What’s the newly launched Digital Free Trade Zone (DFTZ) all about and how is it important to the e-Commerce industry? SITEC breaks it down for you.

Key Takeaways

– Malaysia to become a regional hub and e-fulfillment centre for e-Commerce
– Has two key thrusts: Physical and Virtual
– Benefits SMEs, marketplaces and monobrands
– Alibaba Group to develop an e-Fulfillment Hub@KLIA
– Catcha Group to develop Satellite Hub @ KL Internet City in Bandar Malaysia
– Government side to ease and provide convenient government services
– Expected to generate over RM 7B worth of domestic and foreign investments
– Potential to boost Malaysia’s position in the global Digital Economy
– Promotes cross-border activities
– Potential to double nation’s e-Commerce growth
– Potential to raise national GDP to RM 211B by 2020
– Potential to generate 60,000 direct and indirect jobs by 2025

What ARE Free Trade Zones anyway?

Free-trade zones help to boost imports and exports by cutting down on the usual issues traders and businesses face, such as customs taxation, value added taxes, or goods and services taxes (GST).

In a free trade zone, goods that are physically kept in that area are not subjected to the usual taxations that involve customs or additional domestic taxes, thereby easing trade between countries as prohibitive issues such as costs are minimized.

But how exactly is this Digital Free Trade Zone special?

Firstly, the DFTZ is pretty much the world’s first free trade zone on a digital level – no other country has ever done something like this, so Malaysia is blazing trails!

Secondly, this trade zone is designed to specifically boost the growth of e-Commerce, which is itself a substantial part of the nascent multi-billion Digital Economy in the burgeoning digital economy region of Southeast Asia.
How it does this is to provide a welcoming and conducive environment for both local and regional e-commerce players to access markets outside of their domestic, further facilitating the movement of goods around SEA, through Malaysia as a key ‘port of call’ for trading and business done digitally.

Did you know?
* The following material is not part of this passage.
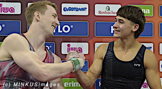 Sowohl Deutschlands junger Mehrkampfmeister Timo EDER (Foto oben, rechts; MTV Ludwigsburg: 80,664) wie auch sein acht Jahre ältere Routinier Nils DUNKEL (SV Chemie Halle: 80,364) übertrafen dabei mit ersten inhaltlichen Zuwächsen beide die 80'er Punktegrenze, auch mit einigen erkennbaren inhaltlichen Steigerungen: Eder an Ringen und Reck, Dunkel an Pferd und Barren. Allerdings traten insgesamt nur sechs deutsche Spitzenturner, in einem "Zwischenjahr" mit einer Einzel-WM in Jakarta (ohne Teamwertung), das Cheftrainer Jens Milbradt als "Lernjahr" bezeichnete und "von Bedacht" sprach, gefragt nach weiteren notwendigen, vor allem inhaltlichen Zuwächsen der Inhalte seines Spitzenkaders.

A predicts a massive US$ 200B digital economy in SEA by the year 2025, fuelled by the growth of a young regional population, growth of the internet and its services, growth of internet users, a rapidly growing middle class, and a lack of organised retail. Within the SEA region, the total first-hand eCommerce market is expected to reach ~US$ 88B by 2025; significantly outpacing the growth of offline retail (32% vs. 7% 10-year CAGR) with a potential to reach ~$120 billion.

So… What’s in this DFTZ?

The DFTZ consists of three main components that combine both physical and virtual zones. The physical zone comprises of the eFulfillment Hub and Satellite Services Hub while the virtual zone consists of the eServices Platform.


The 17.5ha e-fulfillment hub by Alibaba Group, Cainiao, Lazada and POS Malaysia, located in KLIA should expedite the import and export process for e-traders around the region as it will be both a warehousing & fulfillment centre, as well as a centralised customs checkpoint. Some of the features incorporated include state of the art warehouses with sorting, shelving and pick-pack facilities; – LIU (Light Industrial Units) to allow for minor repair, assembly prior to shipping goods; a customs inspection & quarantine area; and facilities such as secure warehouses, temperature controlled storage and more. This phase is expected to be rolled out before the end 2017, with the formal launch of Alibaba’s facility at the end of 2019.


The other physical feature planned is the 500,000 sqft Satellite Service Hub in the Kuala Lumpur Internet City (KLIC). Based in Bandar Malaysia, it will be developed by Catcha Group with a GDV of approx US 1.1B.
Expected to be ready by 2019, some of the facilities include office and co-working spaces, O2O (offline to online) showrooms, MICE facilities, eco-friendly buildings and other community-centric amenities.
Virtual services supports movement of goods within DFTZ by offering integrated, streamlined and efficient services for DFTZ users.


The development of the virtual thrust includes the establishment of a unified government services platform, with integrated digital eServices platforms to access leading global service providers. Global logistics and fulfillment service providers will also be there to further provide convenient services for users.

Other Important Info

Readers should also note that the taxation cap on goods traded via e-commerce has been increased to RM 1,200, up from the previous RM 500, but only if it is in the DFTZ, which should suitably entice more cross-border importation activity.

The Alibaba OneTouch e-services platform is a huge boon for players as well as it allows users in the DFTZ to be directly connected to Alibaba’s HQ in Hangzhou.

The OneTouch platform digitizes various logistics and operational procedures such as customs clearances, finance and forex, allowing traders to better focus resources on marketing and selling instead of the day to day drudgery of operations.